Thanks for tackling this. A number of points:

  • please put this in the same file as _LearntSelectorMixin
  • although I suggested inheriting from _LearntSelectorMixin, it isn't sufficient for correct operation. _LearntSelectorMixin.transform inspects the estimator directly, e.g. to inspect the penalty parameter. You will need to turn _LearntSelectorMixin.transform into one or more functions.
  • You shouldn't set any underscore-suffixed attributes in your estimator's __init__. This should be done in fit. It's fine to postpone validation to fit.
  • You shouldn't need to have estimator_params. clone will keep any settings, and BaseEstimator will handle the delegation of attribute setting so that this can work in grid search.
  • SelectFromModel should accept two parameters: estimator and threshold.
  • I am not sure about duplicating the coefficients here to store them as an attribute. It would be more relevant to store the aggregate feature importances: because _LearntSelectorMixin currently has to sum over the coefficients for multiclass linear models, it might be useful to see the summed features.) But it's not essential to store these locally.
  • It would also be nice to have an attribute threshold_ since _LearntSelectorMixin's calculation of the actual threshold can be non-trivial.
  • SelectFromModel should inherit from sklearn.feature_selection.base.SelectorMixin and implement _get_support_mask.
  • This PR should include the deprecation of _LearntSelectorMixin. Use the @deprecated decorator on transform.
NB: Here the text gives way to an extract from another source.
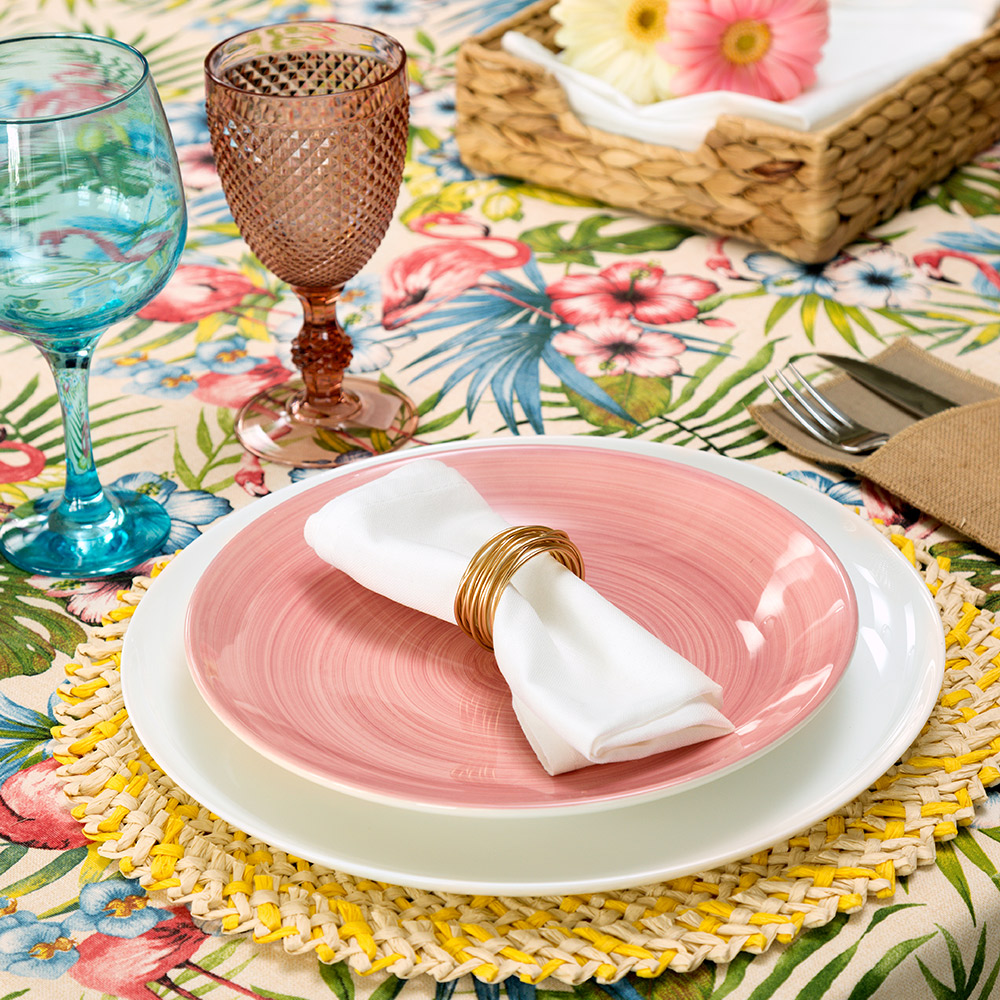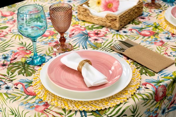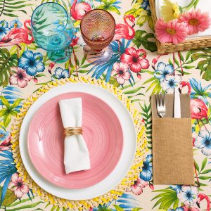 Mantel estampado de flamencos y flores. Mantel con una explosión de colores. Ideal para vestir tu mesa con estampados elegantes, decorativos y veraniegos. Mantel ligero, fácil de manejar, doblar, planchar y guardar. Mantel de tacto agradable. Mantel de tejido natural, composición 60% algodón, 40% poliester. Fabricado en España
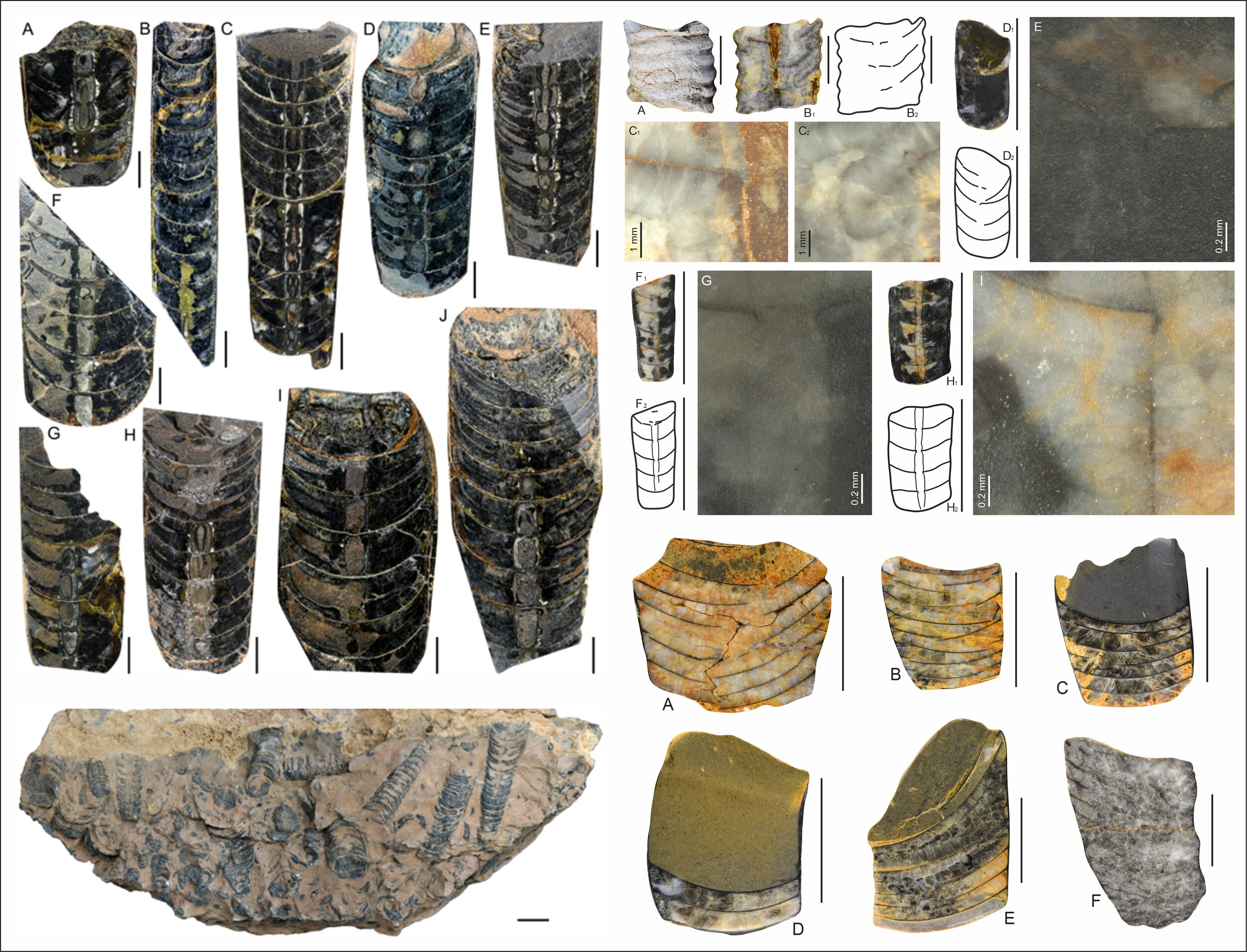 Ⅰ. 基于产自摩洛哥小阿特拉斯山脉和祁连山脉的头足类化石新材料,报道了更多晚奥陶世凯迪中期的头足类属种,包括Tafadnatoceras elfechtense, Paradnatoceras nyalamense, Isorthoceras sp., Anaspyroceras sp., Geisonocerina? sp.等, 丰富了凯迪中期头足类的生物面貌与组成。

I'm changing this PR to a [WIP]. I hope that's alright with you.

@jnothman
scikit-learn member

Also, the failing tests happen because this can't be constructed as it is. I think it should be included here: https://github.com/scikit-learn/scikit-learn/blob/master/sklearn/utils/testing.py#L441.

And although it does nothing at the moment, please inherit from sklearn.base.MetaEstimatorMixin.

@jnothman jnothman changed the title from [MRG] Implemented SelectFromModel meta-transformer to [WIP] Implemented SelectFromModel meta-transformer Mar 27, 2014
@maheshakya

I have separated out the section where threshold, importances and penalty is retrieved in _LearntSelectorMixin into two functions. One of them uses @depricated decorator.

Other issues are fixed.

@jnothman jnothman commented on an outdated diff Mar 30, 2014
sklearn/feature_selection/from_model.py
+ if self.estimator is not None:
+ self.estimator_ = self.estimator
+ else:
+ self.estimator_ = default
+
+ if self.estimator_ is None:
+ raise ValueError("estimator cannot be None")
+
+ def _make_estimator(self):
+ """Make and configure a copy of the `estimator_` attribute."""
+
+ estimator = clone(self.estimator_)
+
+ return estimator
+
+ def __init__(self, estimator=None, threshold=None):
@jnothman
scikit-learn member
jnothman added a note Mar 30, 2014

Please move this method to right below the class docstring.

estimator=None is not useful. Leave it without a default.

Sign up for free to join this conversation on GitHub. Already have an account? Sign in to comment
@jnothman jnothman commented on an outdated diff Mar 30, 2014
sklearn/utils/testing.py
@@ -439,7 +439,7 @@ def uninstall_mldata_mock():
# Meta estimators need another estimator to be instantiated.
meta_estimators = ["OneVsOneClassifier",
"OutputCodeClassifier", "OneVsRestClassifier", "RFE",
- "RFECV", "BaseEnsemble"]
+ "RFECV", "BaseEnsemble", "SelectFromModel"]
@jnothman
scikit-learn member
jnothman added a note Mar 30, 2014

The test failure suggests this is not the right solution. Put it in other instead, I think.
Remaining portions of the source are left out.